BLOMA: Explain Collaborative Filtering via Boosted Local Rank-One Matrix Approximation

Chongming Gao, Shuai Yuan, Zhong Zhang, Hongzhi Yin, Junming Shao

BLOMA

Matrix Approximation (MA) is a powerful technique in context-aware recommendation systems. By exploiting both the rating data and auxiliary social/item networks, it represents the users and items as well-regularized low-rank latent factors so as to capture user preferences and item attributes. However, there are two main problems in the prevalent MA framework. The most urgent one is that the latent factor is out of explanation, which hampers the understanding of the reasons behind recommendations. Besides, traditional MA methods produce user/item factors globally, which fails to capture the idiosyncrasies of users/items. In this paper, we propose a model called Boosted Local rank-One Matrix Approximation (BLOMA). The core idea is to locally and sequentially approximate the residual matrix (which represents the unexplained part obtained from previous stage) by rank-one sub-matrix. By leveraging social networks and item relationships, the sub-matrix with distinct topic is easily extracted. The experiments show our method has good explanations that other methods never have.

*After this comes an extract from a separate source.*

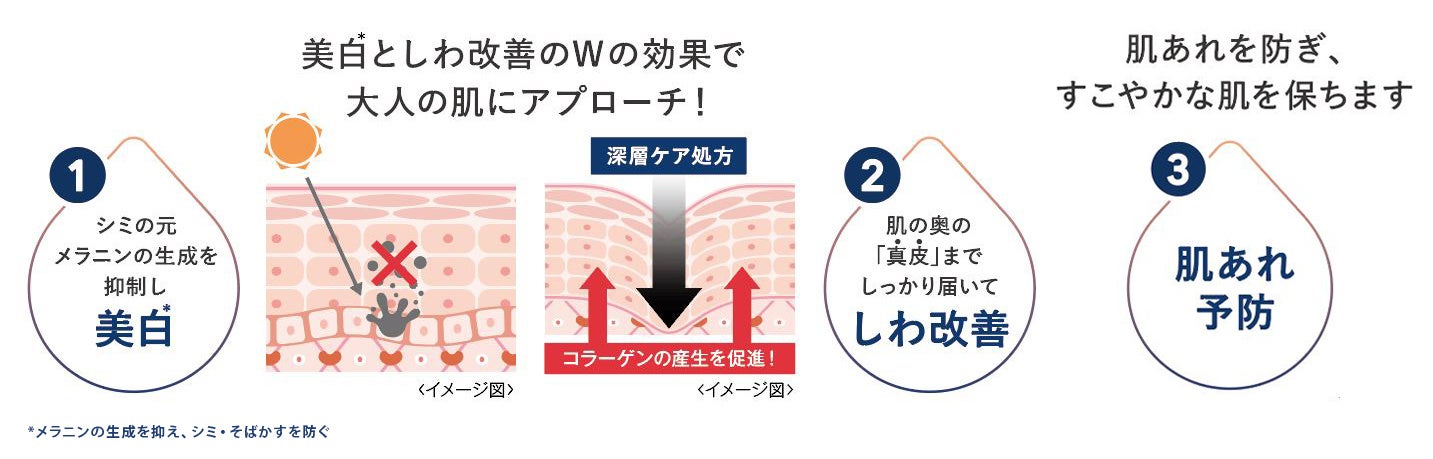 第1弾は化粧液&美容液 ナイアシンアミド×グリチルリチン酸2KのW有効成分配合で美白*2・しわ改善・肌あれ予防

Meanwhile, by comparing with state-of-the-art algorithms, we show our model has well-matched prediction accuracy.
Accepted by DASFAA’19.

Semantic Trajectory Compression via Multi-resolution Synchronization-based Clustering

Chongming Gao, Yi Zhao, Ruizhi Wu, Qinli Yang, Junming Shao

image-TraCompression

With the pervasive use of location-aware devices and rapid development of location sensing technology, trajectory data has been generated in diverse fields. How to store and manage these large amounts of data is a non-trivial task, and thus trajectory compression has gained increasing attention in recent years. As traditional compression algorithms often treat trajectories as sequences of lines in geometric space, the global statistics and the semantics embedded in trajectories are not well considered. Inspired by the powerful concept of synchronization, in this paper we introduce a new semantic trajectory compression approach, called \textsc{CascadeSync}, to yield multi-resolution trajectory abstractions with semantic enrichment. The basic idea is to introduce a multi-resolution synchronization-based clustering model to produce semantic regions-of-interest (ROIs) in a hierarchical way. Specifically, by imposing constraints on points with semantic information in the interaction model, all neighboring points with similar semantics will group together automatically. Afterwards, each trajectory is compressed as a sequence of semantic ROIs and is further represented as a hierarchical ROI network. Beyond, we further extend our model on the data stream setting. The extensive experiments on synthetic data and four real-world data sets have demonstrated the effectiveness and efficiency of our proposed model.
Submitted to Knowledge-Based Systems (KBS), still under review. [PDF]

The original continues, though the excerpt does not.